AIM OF THE EXERCISE » Look in the data below for the line that has "on oscille entre", then print exactly every line from there through the line that has "台南市卫生局人员前往新化高中", leaving pictures out.

TASK MATERIAL »
◇ ◇ ◇

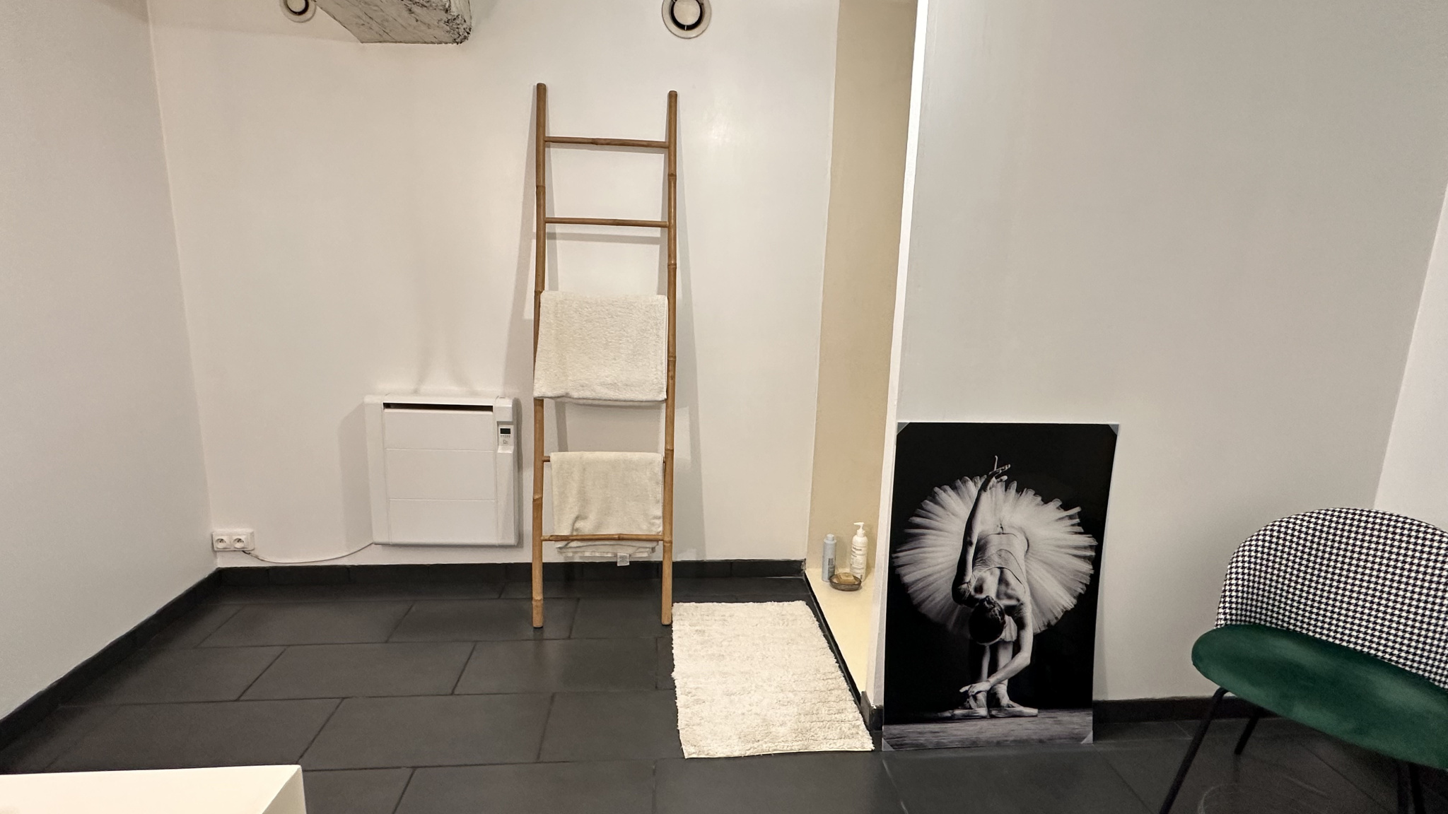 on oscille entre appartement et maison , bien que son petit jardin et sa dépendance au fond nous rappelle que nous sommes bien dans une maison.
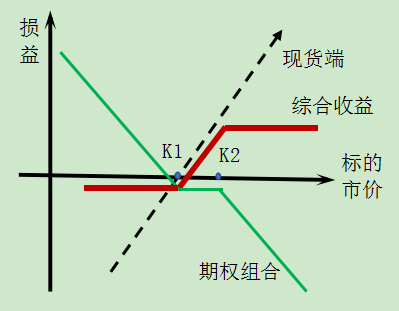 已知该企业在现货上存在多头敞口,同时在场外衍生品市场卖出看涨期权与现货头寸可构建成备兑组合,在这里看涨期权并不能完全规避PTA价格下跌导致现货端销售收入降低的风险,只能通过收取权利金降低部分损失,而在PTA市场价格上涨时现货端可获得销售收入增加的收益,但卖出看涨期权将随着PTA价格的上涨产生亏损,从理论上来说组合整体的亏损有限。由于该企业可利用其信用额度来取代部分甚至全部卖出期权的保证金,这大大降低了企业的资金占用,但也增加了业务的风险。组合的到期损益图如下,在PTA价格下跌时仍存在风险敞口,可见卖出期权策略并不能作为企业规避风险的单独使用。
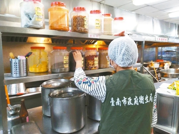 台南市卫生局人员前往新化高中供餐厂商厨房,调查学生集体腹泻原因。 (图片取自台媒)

◇ ◇ ◇

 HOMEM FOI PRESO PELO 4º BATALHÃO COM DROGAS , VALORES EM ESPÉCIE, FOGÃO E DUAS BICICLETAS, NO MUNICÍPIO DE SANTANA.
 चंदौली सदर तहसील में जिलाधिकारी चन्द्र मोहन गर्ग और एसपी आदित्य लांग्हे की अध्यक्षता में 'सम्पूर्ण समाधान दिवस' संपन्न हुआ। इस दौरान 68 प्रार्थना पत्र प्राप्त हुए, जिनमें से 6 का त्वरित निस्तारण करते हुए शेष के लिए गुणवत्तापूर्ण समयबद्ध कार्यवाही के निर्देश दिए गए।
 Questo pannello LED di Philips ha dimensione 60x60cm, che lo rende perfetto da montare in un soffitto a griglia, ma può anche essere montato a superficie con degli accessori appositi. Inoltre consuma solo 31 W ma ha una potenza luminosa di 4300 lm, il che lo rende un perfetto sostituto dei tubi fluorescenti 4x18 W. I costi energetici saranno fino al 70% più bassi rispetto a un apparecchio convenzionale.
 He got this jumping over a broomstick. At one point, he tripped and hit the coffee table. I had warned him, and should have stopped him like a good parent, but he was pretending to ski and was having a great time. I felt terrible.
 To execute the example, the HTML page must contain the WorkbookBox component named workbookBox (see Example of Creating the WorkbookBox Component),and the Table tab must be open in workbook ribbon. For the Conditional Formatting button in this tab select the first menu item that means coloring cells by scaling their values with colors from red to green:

◇ ◇ ◇

TASK RESPONSE »
 on oscille entre appartement et maison , bien que son petit jardin et sa dépendance au fond nous rappelle que nous sommes bien dans une maison.
 已知该企业在现货上存在多头敞口,同时在场外衍生品市场卖出看涨期权与现货头寸可构建成备兑组合,在这里看涨期权并不能完全规避PTA价格下跌导致现货端销售收入降低的风险,只能通过收取权利金降低部分损失,而在PTA市场价格上涨时现货端可获得销售收入增加的收益,但卖出看涨期权将随着PTA价格的上涨产生亏损,从理论上来说组合整体的亏损有限。由于该企业可利用其信用额度来取代部分甚至全部卖出期权的保证金,这大大降低了企业的资金占用,但也增加了业务的风险。组合的到期损益图如下,在PTA价格下跌时仍存在风险敞口,可见卖出期权策略并不能作为企业规避风险的单独使用。
 台南市卫生局人员前往新化高中供餐厂商厨房,调查学生集体腹泻原因。 (图片取自台媒)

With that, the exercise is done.